-- Supplied data follows --

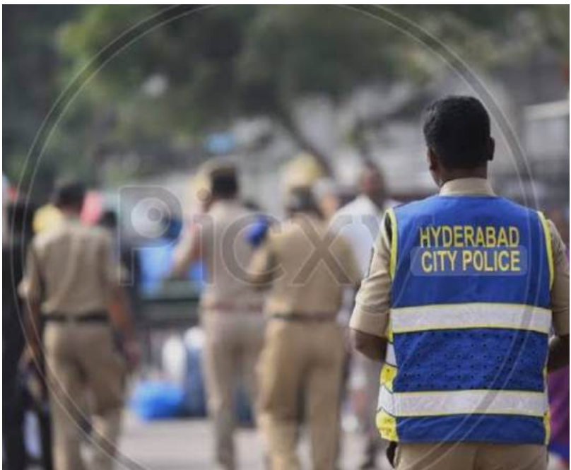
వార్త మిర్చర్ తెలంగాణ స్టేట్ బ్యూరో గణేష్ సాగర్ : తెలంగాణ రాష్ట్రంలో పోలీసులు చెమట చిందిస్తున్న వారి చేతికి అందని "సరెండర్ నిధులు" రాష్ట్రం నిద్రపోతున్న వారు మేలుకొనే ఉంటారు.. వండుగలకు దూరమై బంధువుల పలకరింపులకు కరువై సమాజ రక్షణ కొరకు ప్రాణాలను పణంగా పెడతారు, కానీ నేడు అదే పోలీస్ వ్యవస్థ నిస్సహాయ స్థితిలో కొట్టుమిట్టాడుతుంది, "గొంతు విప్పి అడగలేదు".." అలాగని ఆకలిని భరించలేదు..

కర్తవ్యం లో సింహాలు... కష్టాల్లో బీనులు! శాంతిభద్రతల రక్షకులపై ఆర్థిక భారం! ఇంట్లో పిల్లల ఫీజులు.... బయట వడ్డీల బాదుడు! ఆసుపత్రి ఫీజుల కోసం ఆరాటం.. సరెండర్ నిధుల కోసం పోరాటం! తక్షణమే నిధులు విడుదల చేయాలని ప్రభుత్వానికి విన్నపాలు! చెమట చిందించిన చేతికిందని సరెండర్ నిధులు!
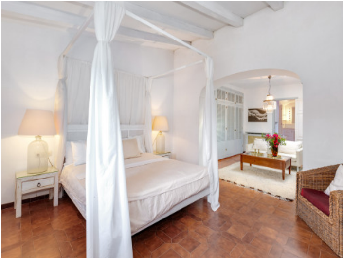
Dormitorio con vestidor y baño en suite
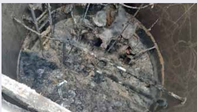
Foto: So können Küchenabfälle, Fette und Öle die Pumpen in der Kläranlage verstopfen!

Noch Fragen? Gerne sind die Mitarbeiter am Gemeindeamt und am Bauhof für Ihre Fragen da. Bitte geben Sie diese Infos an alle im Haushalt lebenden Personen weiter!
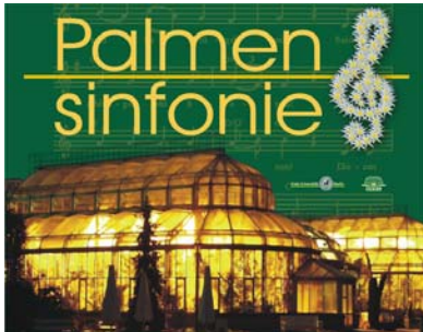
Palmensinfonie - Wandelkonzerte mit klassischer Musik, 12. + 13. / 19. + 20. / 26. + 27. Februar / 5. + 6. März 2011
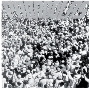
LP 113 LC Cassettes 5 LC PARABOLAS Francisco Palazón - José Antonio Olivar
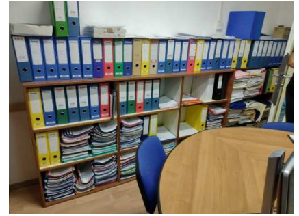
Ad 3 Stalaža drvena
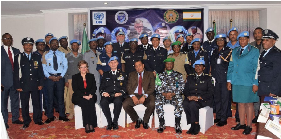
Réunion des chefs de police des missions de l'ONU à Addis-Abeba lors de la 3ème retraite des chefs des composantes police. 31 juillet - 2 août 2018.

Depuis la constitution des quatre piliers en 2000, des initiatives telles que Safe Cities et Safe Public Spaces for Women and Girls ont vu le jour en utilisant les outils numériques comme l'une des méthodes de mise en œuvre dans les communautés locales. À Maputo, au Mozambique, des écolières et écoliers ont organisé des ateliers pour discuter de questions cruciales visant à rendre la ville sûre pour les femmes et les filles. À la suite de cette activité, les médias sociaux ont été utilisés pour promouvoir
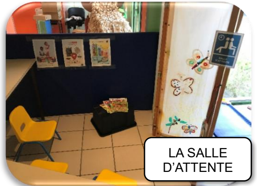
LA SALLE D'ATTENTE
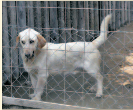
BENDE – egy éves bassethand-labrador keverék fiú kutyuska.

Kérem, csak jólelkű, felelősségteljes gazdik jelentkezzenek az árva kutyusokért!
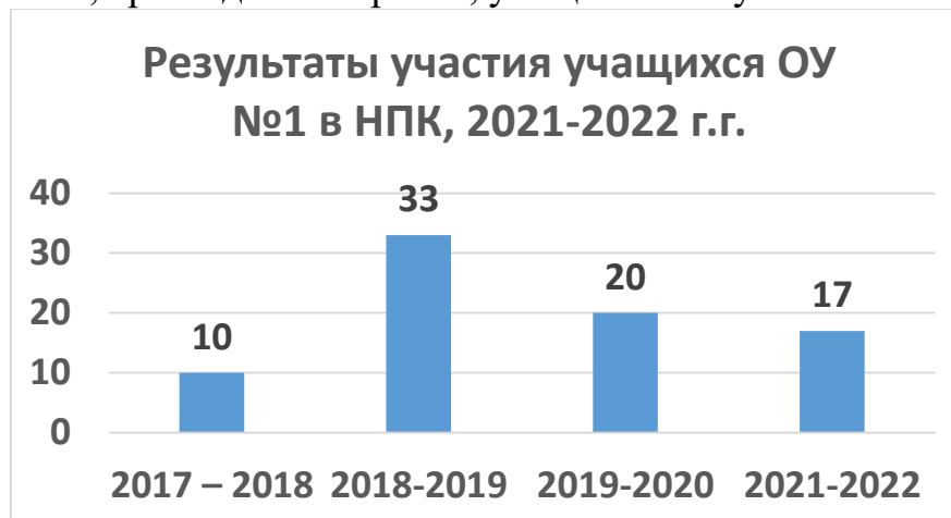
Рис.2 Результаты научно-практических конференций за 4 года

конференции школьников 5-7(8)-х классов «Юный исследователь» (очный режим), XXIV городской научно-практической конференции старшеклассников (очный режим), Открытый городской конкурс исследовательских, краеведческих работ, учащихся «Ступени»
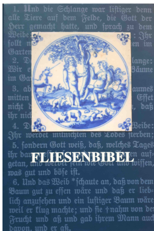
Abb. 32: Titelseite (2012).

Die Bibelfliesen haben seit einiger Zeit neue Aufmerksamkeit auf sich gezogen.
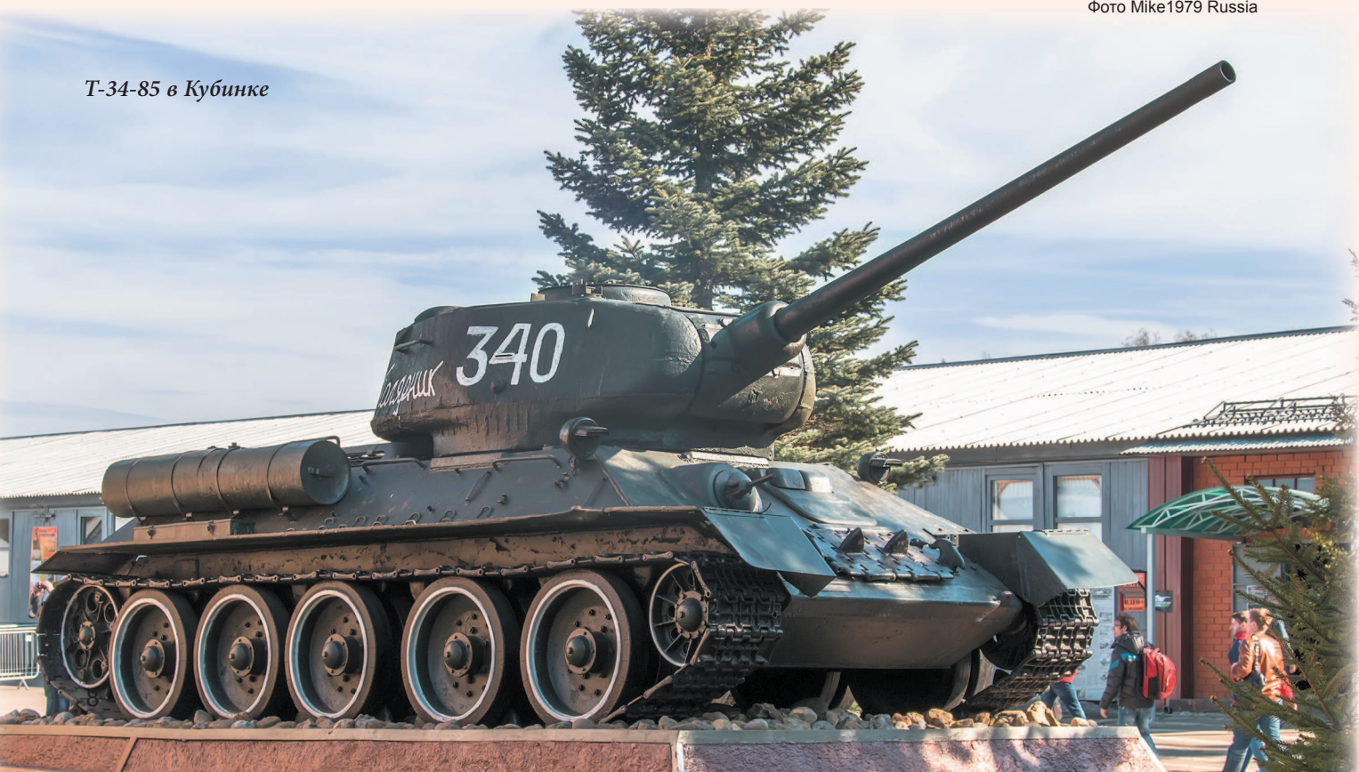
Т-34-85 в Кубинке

-- Supplied data concluded --

Look above for the line with "LP 113 LC Cassettes" and the line with "Réunion des chefs". Copy them and every line between, exactly, but no pictures.

Solution:
LP 113 LC Cassettes 5 LC PARABOLAS Francisco Palazón - José Antonio Olivar
Ad 3 Stalaža drvena
Réunion des chefs de police des missions de l'ONU à Addis-Abeba lors de la 3ème retraite des chefs des composantes police. 31 juillet - 2 août 2018.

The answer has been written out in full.